Karl Denninger Wrecks Dennis Kneale and the CNBC Goldilocks Crew
Karl Denninger’s reaction to Dennis Kneale’s attack on bloggers would have made Bruce Banner proud. Kneale’s snarky comments were aimed largely at ZeroHedge, but Denninger seized on them as an opportunity to highlight just how flawed the Kneale/Kudlow perma-bull argument is. And he did a damn fine job.
Karl’s response was classic Market Ticker. He picks apart Kneale’s argument piece-by-piece, demonstrating superior knowledge and experience. And he offers to debate any time, in the unlikely event that Dennis’ producers take him up on the offer.
But as usual, Mr. Denninger pulled no punches. He titled his post, “To Dennis Kneale: You’re An Idiot“. This likely turned off some readers to the meat of the article. That’s a shame, because it’s one of the best summaries I’ve seen on why the Kudlow/Goldilocks/Green-Shoots argument is flawed. First, he addresses misconceptions about savings rates:
The consumer is 70% of our economy, give or take a few points. The consumer’s “savings rate” (which government blithely declares as income minus spending), which was in fact negative (that is, consumers were spending more than they made through taking on more and more debt), but is now solidly positive at 6.9%.
The impact of this (6.9% X 70%) is an immediate 4.83 decrease in real GDP. Fudge the numbers all you want (and government will), but this is the math, and the math is never, ever wrong.
Consumers are not saving, they are paying down debt in a furious attempt to avoid defaulting on nearly $1 trillion in outstanding credit card balances that have gone from 11% interest to 29.6% along with OptionARMs that are experiencing a tripling of payments while the home’s value is underwater and precludes refinance, all while consumers are being laid off by the hundreds of thousands monthly.
Karl: 1, Goldilocks: 0. He goes on, discussing comparisons to Japan and overall flaws in the Keynesian/Inflationist case:
Japan tried what we’re doing in the 1990s and failed. The Nikkei never recovered its former highs, in fact, it never even got close. Japan’s economy never managed to get materially out of deflation and is now back in it as a direct consequence of their refusal to force the bad debt into the open and default it.
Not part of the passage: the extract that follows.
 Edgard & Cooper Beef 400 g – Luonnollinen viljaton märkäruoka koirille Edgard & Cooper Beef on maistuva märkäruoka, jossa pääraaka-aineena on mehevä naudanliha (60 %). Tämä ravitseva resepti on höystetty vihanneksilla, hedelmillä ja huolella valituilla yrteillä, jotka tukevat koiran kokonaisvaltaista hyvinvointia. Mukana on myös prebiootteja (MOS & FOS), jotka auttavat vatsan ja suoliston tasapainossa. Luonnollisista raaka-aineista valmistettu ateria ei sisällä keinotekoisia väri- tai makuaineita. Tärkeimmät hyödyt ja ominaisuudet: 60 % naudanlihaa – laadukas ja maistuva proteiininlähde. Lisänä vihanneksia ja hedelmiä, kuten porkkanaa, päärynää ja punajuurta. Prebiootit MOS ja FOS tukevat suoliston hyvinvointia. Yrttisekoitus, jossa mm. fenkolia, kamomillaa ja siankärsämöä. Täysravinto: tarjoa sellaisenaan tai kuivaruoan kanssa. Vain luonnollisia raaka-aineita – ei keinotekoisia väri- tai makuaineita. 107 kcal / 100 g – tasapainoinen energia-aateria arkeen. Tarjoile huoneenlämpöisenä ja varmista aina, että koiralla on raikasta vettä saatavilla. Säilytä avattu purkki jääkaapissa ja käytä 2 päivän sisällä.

We are going to suffer the precise same fate for the precise same reason unless our government and economic leaders stop hiding the bad paper and force it out into the open where it will default and be removed from the economy.
Your network has fawned all over Bernanke when in fact he is acting exactly backward compared to what must be done – he is hiding bad assets on his balance sheet, allowing banks to hide bad assets on theirs, and refusing to expose the liars, cheats and frauds (along with their phony “assets”) so they will default and clear the system of bad debt. He is doing this because he is protecting those who wrote all that bad paper, mathematics be damned, and if it doesn’t stop we will at best play Japan and at worst have a Depression far worse than the 1930s, as our systemic leverage ratios still, to this day, are higher than they ever were in the Great Depression!
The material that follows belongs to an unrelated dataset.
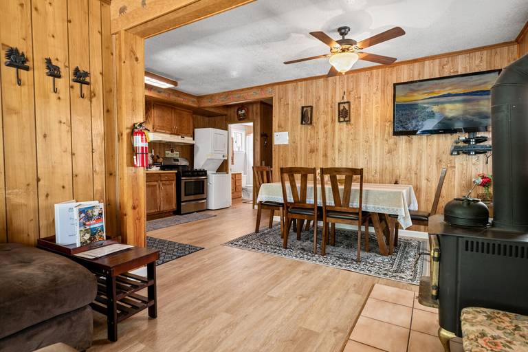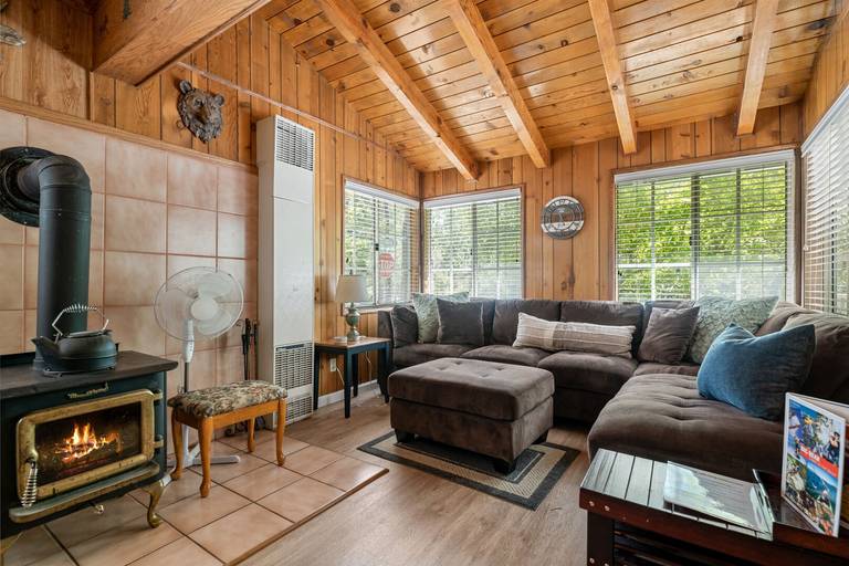 LIVING SPACE - Comfortable 800+ sq ft home with living room, ceiling fans, dining table, and a wood burning stove fireplace. Cuddle up on the sectional with plenty of comfortable living room seating.

Well done, Mr. Denninger. If you don’t already read The Market Ticker, check it out. The only thing I would add is that Japan’s crises occured during a sustained period growth period worldwide. Our problems are coinciding with what looks like a sustained worldwide r/depression. So they’ll be worse, and result in a completely different outcome than the deflation experienced by Japan. Not to mention the drastic differences in demographics and economies, which Jesse points out in an insightful post.